Thursday, September 01, 2011


My friend, Julie, rightfully warns me that I have a “rude awakening” ahead of me in the next couple weeks. No doubt.

After almost nine months of pretty much only doing what I want to do, I’ll be back at school, adding to the mix of my daily activities a lot of what I have to do whether I want to or not.

I’m a little nervous about it, but remain reasonably confident that I’ll adapt; in no more than a month, I’m sure, it will be like I never left and I’ll automatically rise when my alarm goes off, shovel breakfast into my mouth, and make my way out into the big wide world of higher education to help prepare young minds for the challenges of being competitive in the global marketplace of the 21st century.

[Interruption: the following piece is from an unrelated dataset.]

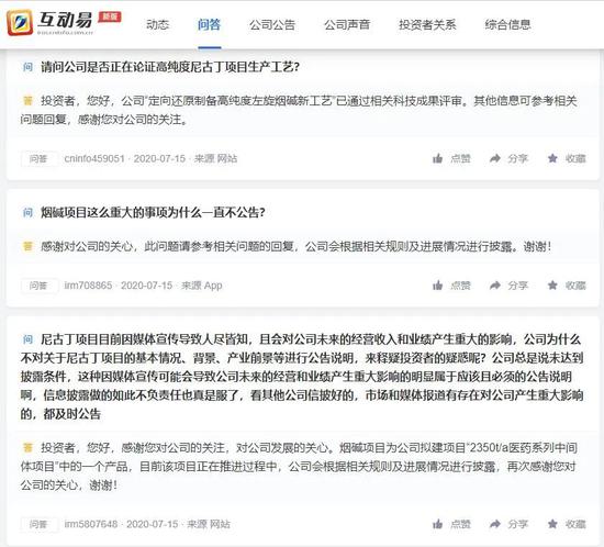 然而,对于尼古丁项目这个令公司股价产生如此巨大波动的重大事件,金城医药至今仍未公告作出解释或澄清,同样引起了部分股民的疑问。不过在另一方面,金城医药在互动易平台上倒是多次回答投资者关于该项目的提问,例如“该项目正在有序推进中”“投产时间尚待根据项目建设进度情况确定”“(项目)工艺已经过相关评审,目前正在进行项目的前期准备工作”等。

Right now, though, I want to savor my last few weeks of “freedom;” the only constraints on me, really, are those emanating from my mind, which—as is its longtime wont—is consistently trying to kill me.

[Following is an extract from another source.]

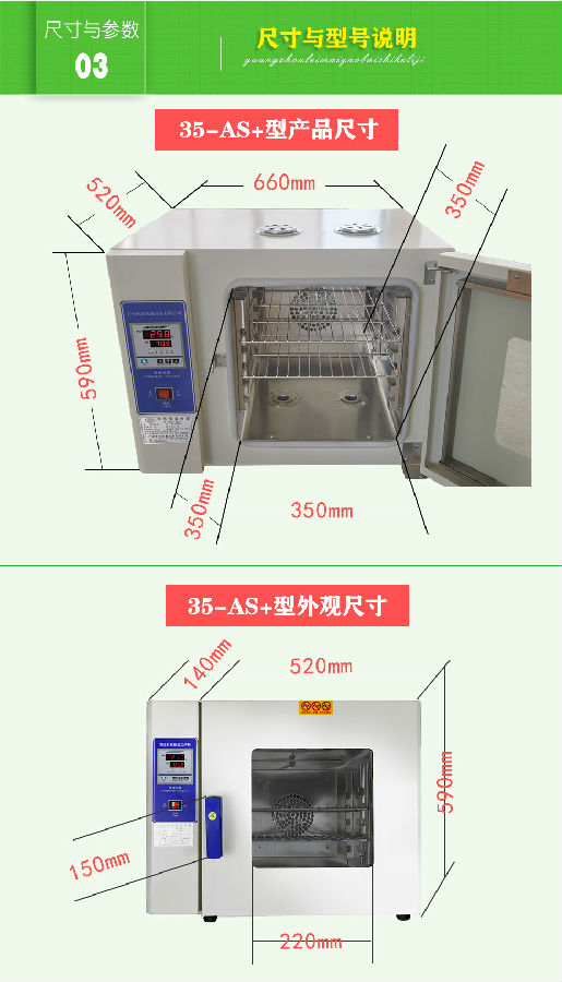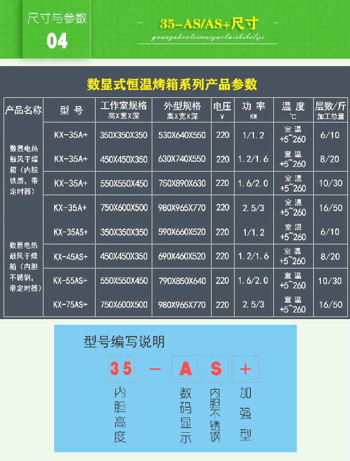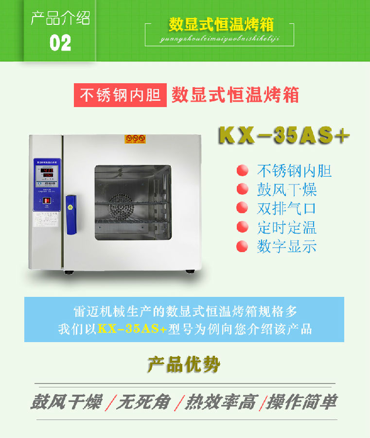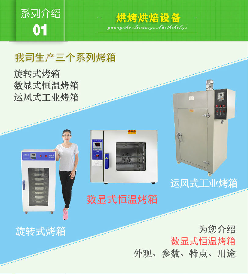 數顯式烤箱工作室后部裝有發熱管,后面裝有鼓風裝置,溫度控制儀控制溫度恒定及高低,工作時經發熱管加熱再經鼓風裝置循環流動,確保溫度均勻,四周圓弧設計,擱板上下間距可調,內置感溫探頭。

The Hindus say that the observation that you can observe your mind is evidence for there being a Universal Self that transcends the individual self. It’s something like the idealism of Bishop Berkeley in the West; “to be is to be perceived,” and all that.

See? I’m already doing philosophy and I’m not even on the clock yet.

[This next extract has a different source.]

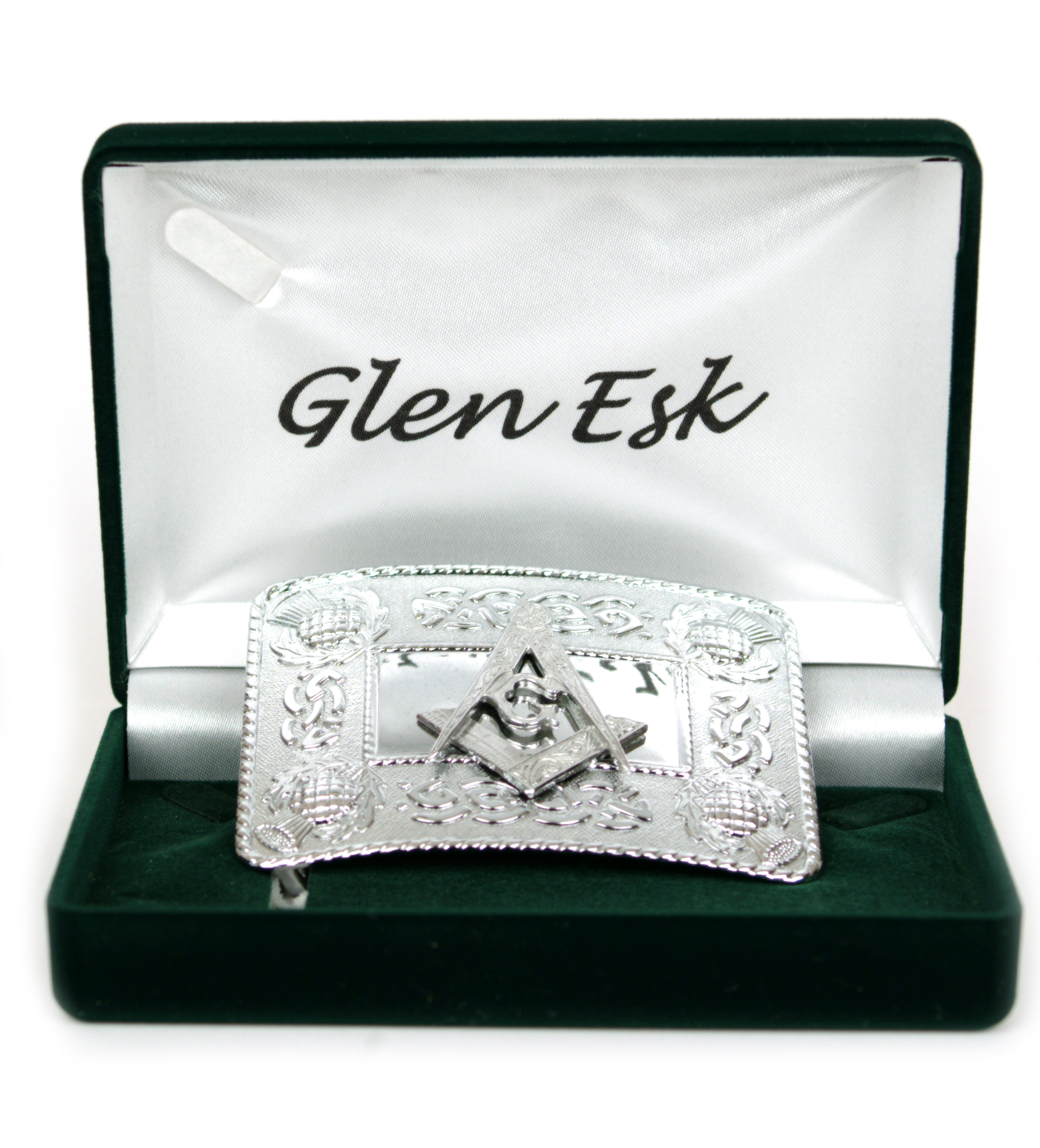“Glen Esk” Masonic silver finish buckle.

It’s been a good ride, this sabbatical morphing into vacation thing; I can’t imagine I’ll ever have an opportunity like this again, at least until I retire—although what that’s going to look like in the upcoming era of no Social Security ought to be interesting to say the least.

In Hinduism, the stage of life after work is when you renounce worldly possessions, go into the woods and live in a hut to study the sacred text; I’m thinking maybe I can just pack a touring bike and do something similar on two wheels.